*Exercise aim*:
Return the records exactly as they stand, and keep the pictures out of the copy.
Segment Open
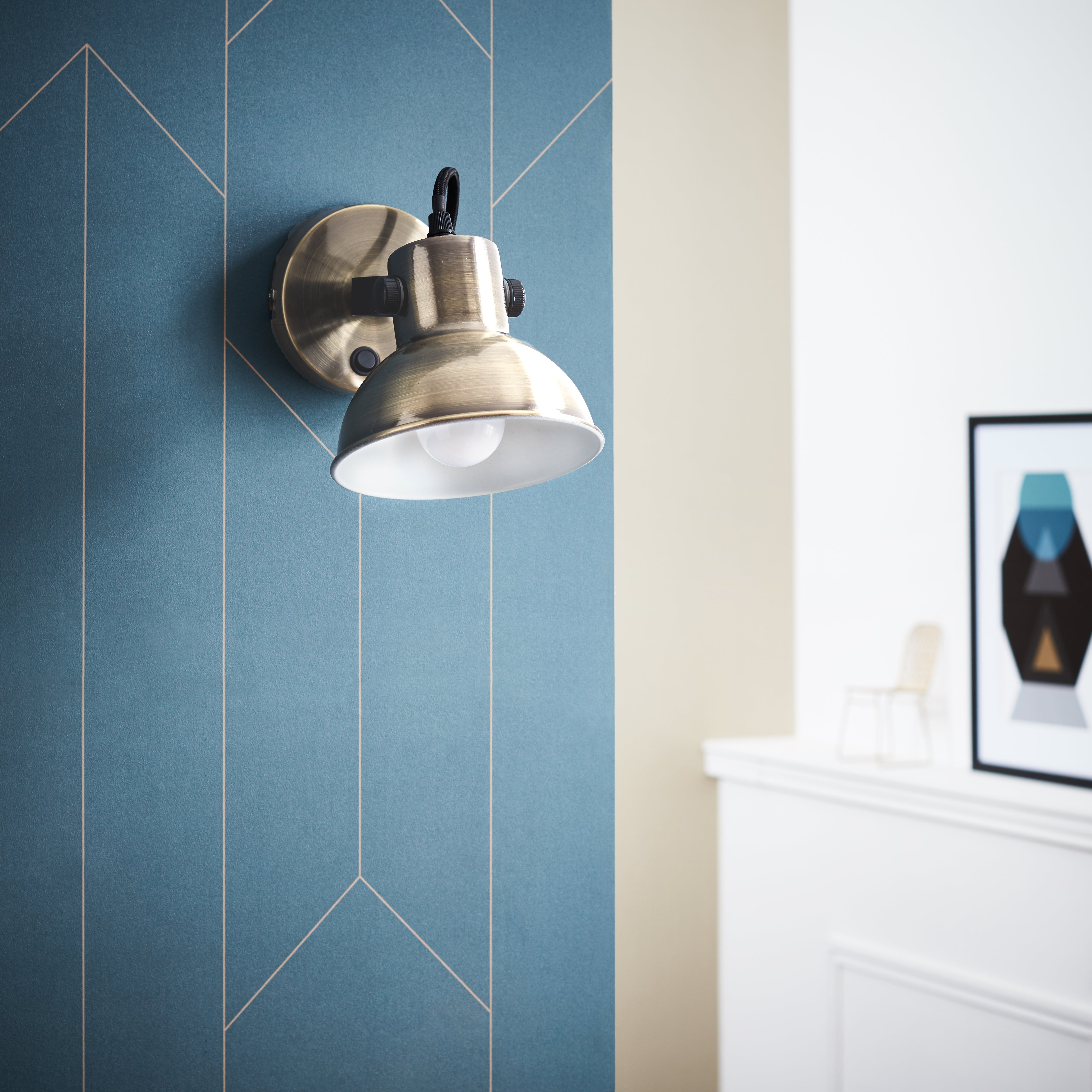 Cette applique en métal à la finition laiton brossé s'inscrira élégamment dans tous les intérieurs vintages. Le câble électrique est gainé de tissu noir pour la touche sophistiquée. L'intérieur de l'abat-jour est peint en blanc pour optimiser la lumière. La tête est articulée afin d'orienter la lumière selon vos activités. Pour le côté pratique, elle est équipée d'un interrupteur et trouvera sa place idéalement sur les côtés d'un lit ou encore au-dessus d'un bureau. Existe également en blanc pour une déco à l'influence scandinave. Ampoule E14 vendue séparément.
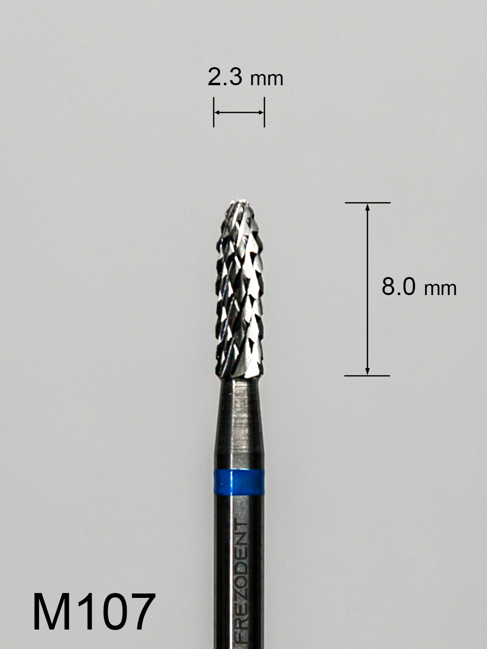 Profesjonalny frez protetyczny o kompaktowej konstrukcji, stworzony do bardzo precyzyjnej pracy w ograniczonej przestrzeni w technice dentystycznej. Model M107 posiada krzyżowe średnie nacięcie (oznaczone niebieskim paskiem), które zapewnia kontrolowane i stabilne skrawanie twardych materiałów, minimalizując wibracje. Mała średnica robocza (2,3 mm) w połączeniu z krótką częścią roboczą (8,0 mm) gwarantuje maksymalną stabilność i minimalizuje drgania, co jest kluczowe dla precyzyjnego finiszowania detali.Dzięki walcowemu kształtowi ze zwężającym się czubkiem, ten frez do metalu i akrylu jest niezastąpiony przy opracowywaniu wąskich bruzd, formowaniu wewnętrznych ścianek oraz precyzyjnym konturowaniu detali za pomocą zwężonej końcówki. Doskonały do pracy, gdzie liczy się precyzja i stabilność.
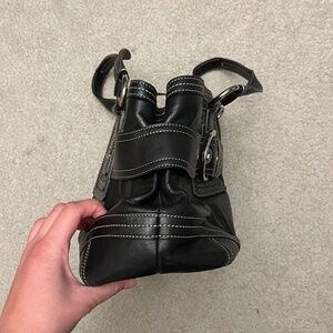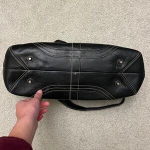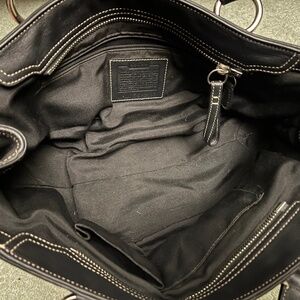 Pre-owned Coach Hampton Black Leather Tote Purse Handbag Satchel. A black leather Coach bag that is medium size. Medium black leather handbag. Has multiple interior pockets. 2 regular pockets and 1 zip pocket the inside is clean and spacious. In great condition no visible scratches or damage.
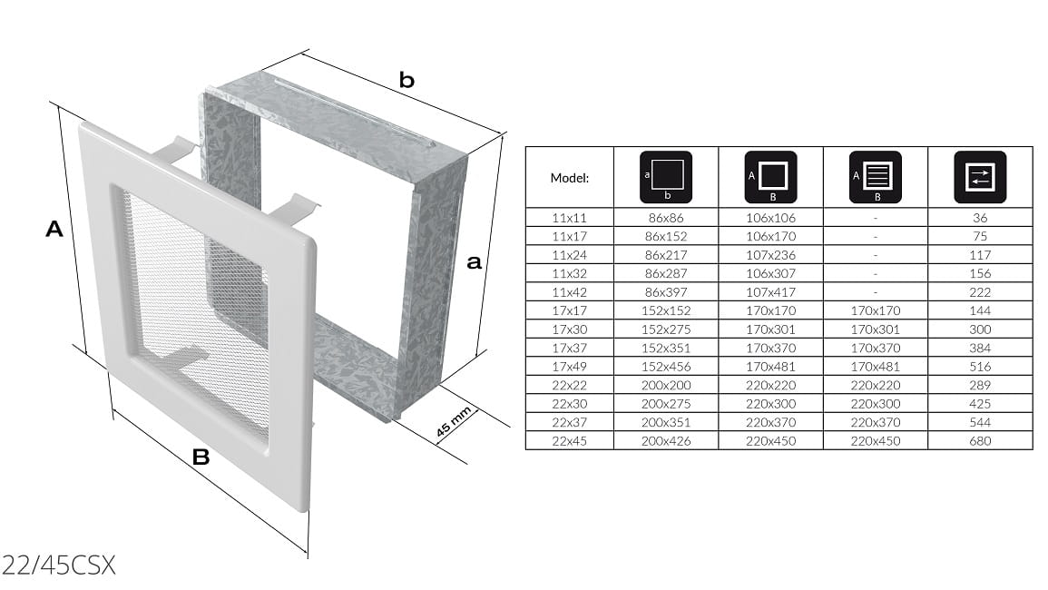 Lüftungsgitter Grösse (BxHxT) cm: 45,0 x 22,0 x 4,50
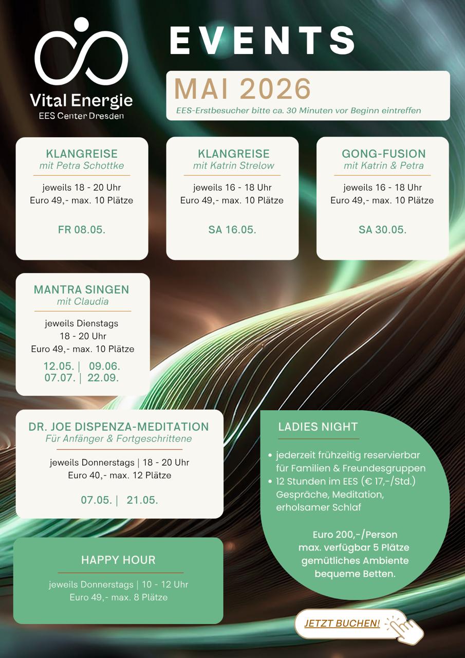 Sichere dir 120 Minuten tiefste Erholung im EES-Energiefeld für nur 49,- € (statt 96 €). Immer donnerstags von 10:00 bis 12:00 Uhr.
Segment Closed
*Exercise solution*:
 Cette applique en métal à la finition laiton brossé s'inscrira élégamment dans tous les intérieurs vintages. Le câble électrique est gainé de tissu noir pour la touche sophistiquée. L'intérieur de l'abat-jour est peint en blanc pour optimiser la lumière. La tête est articulée afin d'orienter la lumière selon vos activités. Pour le côté pratique, elle est équipée d'un interrupteur et trouvera sa place idéalement sur les côtés d'un lit ou encore au-dessus d'un bureau. Existe également en blanc pour une déco à l'influence scandinave. Ampoule E14 vendue séparément.
 Profesjonalny frez protetyczny o kompaktowej konstrukcji, stworzony do bardzo precyzyjnej pracy w ograniczonej przestrzeni w technice dentystycznej. Model M107 posiada krzyżowe średnie nacięcie (oznaczone niebieskim paskiem), które zapewnia kontrolowane i stabilne skrawanie twardych materiałów, minimalizując wibracje. Mała średnica robocza (2,3 mm) w połączeniu z krótką częścią roboczą (8,0 mm) gwarantuje maksymalną stabilność i minimalizuje drgania, co jest kluczowe dla precyzyjnego finiszowania detali.Dzięki walcowemu kształtowi ze zwężającym się czubkiem, ten frez do metalu i akrylu jest niezastąpiony przy opracowywaniu wąskich bruzd, formowaniu wewnętrznych ścianek oraz precyzyjnym konturowaniu detali za pomocą zwężonej końcówki. Doskonały do pracy, gdzie liczy się precyzja i stabilność.
 Pre-owned Coach Hampton Black Leather Tote Purse Handbag Satchel. A black leather Coach bag that is medium size. Medium black leather handbag. Has multiple interior pockets. 2 regular pockets and 1 zip pocket the inside is clean and spacious. In great condition no visible scratches or damage.
 Lüftungsgitter Grösse (BxHxT) cm: 45,0 x 22,0 x 4,50
 Sichere dir 120 Minuten tiefste Erholung im EES-Energiefeld für nur 49,- € (statt 96 €). Immer donnerstags von 10:00 bis 12:00 Uhr.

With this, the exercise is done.